Some are going to say why who cares about .125 diff. , its just that I am turning twards building axles to what I need at a given weight with the same strength , to most its stupid but I would like to know why and how much?:D

the .49 is an idealized number.
the actual equasion is 1/4*Pi*r^4
work in the diameter instead of the radius and you get .49*d^4

.55 is the allowable design stress in steel used for the constuction of highway bridges as specified in AASHTO design manuals since the slide rule. I use it as a matter of course, and I haven't killed anyone yet!:D

as far as the material properties, the distributor should know that, or you can look it up in American Standards and Testing for Materials texts (ASTM)

Originally posted by TechGuru

Sundowner, how did you derive the .49 and a saftey factor of .55 in other words where did these # come from? The basis it seems good for determing the overall given strength of a given tube inner and outer tube but how about a specific material such as this formula with the difference of EREW v/s D.O.M v/s various grades of cro moly?Obviously the cro moly would be more resistant to deflection but how? (E)
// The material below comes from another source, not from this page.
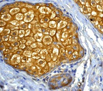 B. Immunohistochemical analysis of paraffin-embedded human Breast carcinoma using anti-NF-kappaB p65 RabMAb (Cat. APR07139G).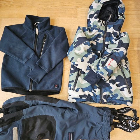 Vindfleece, jacka och byxor från Polarn och pyret. Använda av ett barn under hösten, fint skick. Vindfleecen och skalkläderna har samma system och kan klickas ihop.

The different grades of steel have nothing to do with how much the tube deflects because they have the same modulus of elasticity (E). The physical dimensions determine the stiffness of the tube and thus how much deflection there is at a given load. The material choise just determines how far the tube will bend before it yields and takes a permanent set or failure

now what about the same thickness tube, just different size?


1.75 vs 2.0????

Originally posted by Sundowner
for any tube, you can figure all this out yourself.
all you have to do is figure out the Moment of Inertia of the section.
take the outer diameter of the tube (d) raise it to the 4th power, and multiply by .049. Do the same with the inner diameter. subtract the number you got for the inner diameter from the number you got from the outer diameter and that's your Moment of Inertia. (I)

basicially: .049*OD^4 - .049*ID^4 = I

looke up the yield strength (called Fy) and the Elasticity (called E) for the steel the tube is made from.

I always multiply Fy by 0.55 as a saftey factor.

then figure out your load that you will be placing on the tube (P)
and how far out from the support you plan on putting that load (L)

once you figure out what your load is, multiply it by 1.33 to account for the additional force of impact.

wanna know how much weight your tume can handle?

it's just: 2*I/OD*Fy/L

wanna know how much it deflects?

it's just: P*L/(E*I)

that's pretty easy huh? :)


somebody check my numbers, it's early and I'm hung over.

ya what he said. i want that guy on my team.

Originally posted by RudeZuk
now what about the same thickness tube, just different size?


1.75 vs 2.0????

If you are comparing 2.0" x .120 wall to 1.75" x .120 wall, the 2" tubing will be 53% stronger and stiffer. Changing the diameter makes more of a difference than changing the wall thickness.